Sunday, June 22, 2008

1st radius dish done

Radius dishes are expensive, somewhere on the order of $85 apiece. The wood is about $8.

I built a jig and patterns for 4 different radii; 8ft, 12ft, 15ft, and 25ft. I decided to do the 12ft first. This is a tedious and messy undertaking! Many passes with the router later and a little sanding with the orbital sander and it's looking good!

I think I have a good 2 hours labor in the dish though, not counting building the jig, etc. At least the jig and patterns can be re-used in the future. I'm also making my dishes 24" diameter so they're big enough to do a guitar in the future if I wish.
For those that don't know, radius dishes are used to curve the tops and backs of guitars and ukes.
They can be lined with sand paper to help shape the internal braces, and to sand the top/bottom of the side pieces to match the curve in the top and back, this gives a better glue joint.
The tops and back are also placed in the dish when the braces are glued in, this helps hold everything in place with the correct curve.

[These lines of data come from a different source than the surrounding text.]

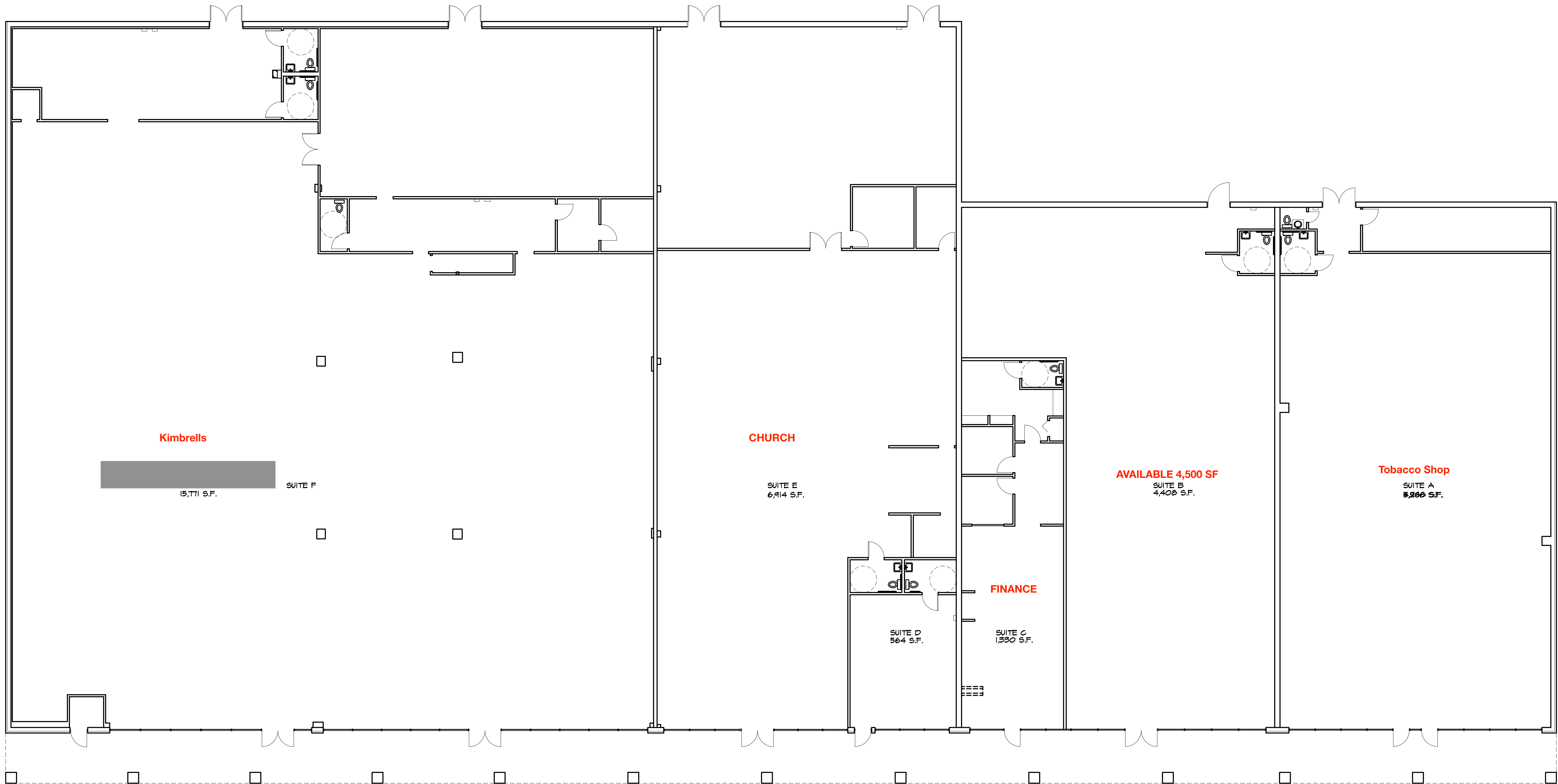
FLOOR PLAN B SCALE: 1" = 10'

PRELIMINARY FOR REVIEW. NOT FOR CONSTRUCTION. DATE UPDATED FEBRUARY 12, 2016 COPYRIGHT (C) 2012, HENRY DARRELL CARPENTER, AIA
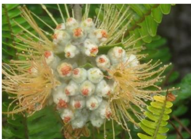
'Ōhi'a Lehua 'Alani 'o Kūkaniloko
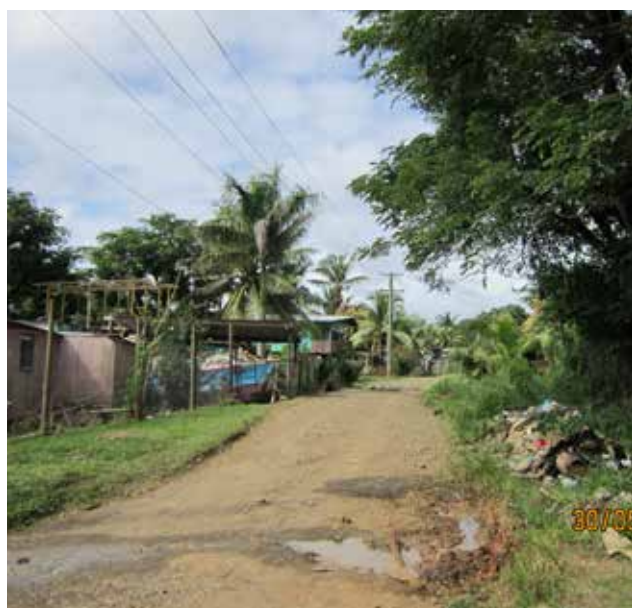
Navakai settlement access

Like most towns and cities in Fiji, poor road conditions are a significant problem for NTC and the Fiji Roads Authority. Poor sub-surface layers, poor roadside drainage as well as the lack of capital to undertake regular maintenance work on arterial roads, secondary roads and drainage systems all contribute to the poor standard of roads. In addition, poor maintenance of drains and increasing rainfall are causing floods.
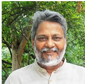
RAJENDRA SINGH INDIA

Water conservationist, Stockholm Water Prize winner and Founder, Tarun Bharat Sangh
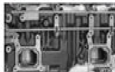
Figure 493 Oil cooler points
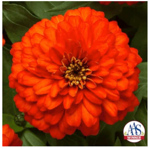
Zinnia 'Zydeco Fire'

Its fiery orange fully double flowers that are noticeably larger than the comparisons. Judges were impressed with its long-lasting blooms on sturdy stems, blooming all summer long up until the first frost, as well as its disease-resistant foliage.
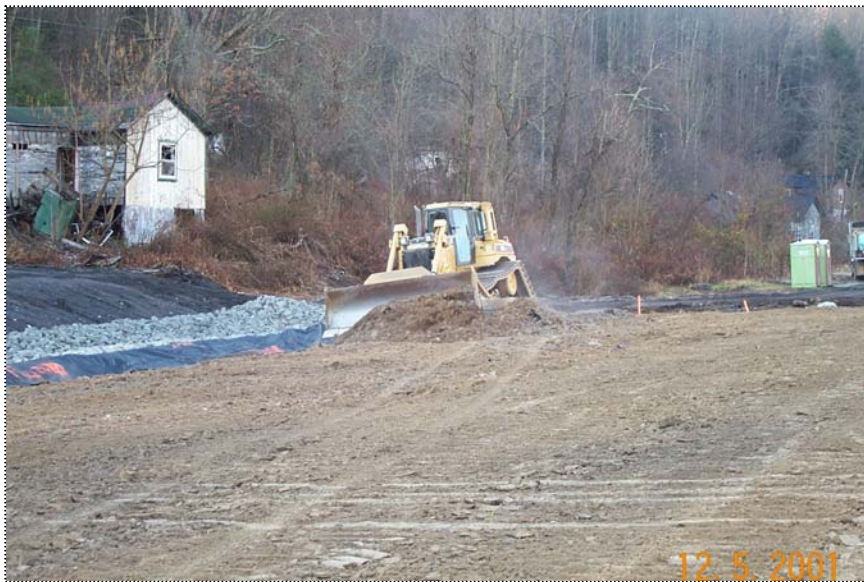
DCP1460 - Dozer spreading fill next to the western end of the stone ditch
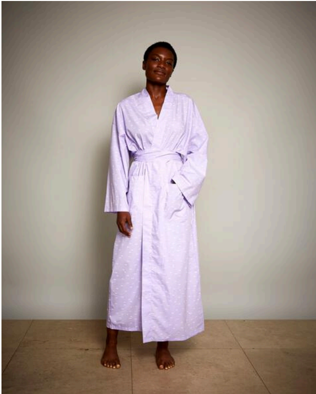
JOBO Robe: Li-lac/Cream - 2 dot
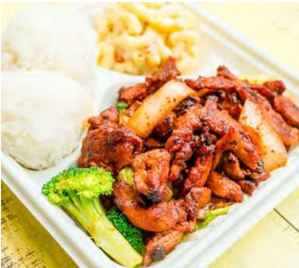
Island Fire Chicken
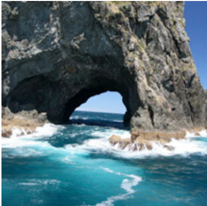
Hole in the Rock, New Zealand
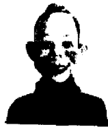
Peashooters. Howdy Dowdy.

The dish is placed in a "go-bar" fixture to help with this, google it if you're interested or just wait until I get to that point and I'll include pictures (I have to make it still but their are some freebie alternatives too).

Ready for some pictures?

In this first picture I'm just getting set to start routing. You can see that the router rides on the 2 radiused pattern pieces that just slide into slots at the ends of the jig. The dish turns on a peg in the middle. This is going to take a while and be very loud and messy. I held the router with one hand and the shop vac hose with the other. I also used eye protection, a dust mask, and hearing protection since this took quite a while to complete.
I'm part way done with the routing in the second picture... you can see the dishing under the jig!
In this last one, I've finished routing and sanding. I placed half of the 8ft pattern across the top so you have a straight bottom edge to help visualize the dish. The peg in the middle it to help spin the dish as it's routed. It's a piece of dowel so the router can just cut it too as it goes by. It sticks out more than 1/2" when I measured.
That's it for now.
I hope to see some of you Monday June 23 at Como for some uke playing.
Keep StrumMn this summer!


Jeff Z said...

Brian -

First, how did your dish turn out?

Second, can you share with me how you made the jig.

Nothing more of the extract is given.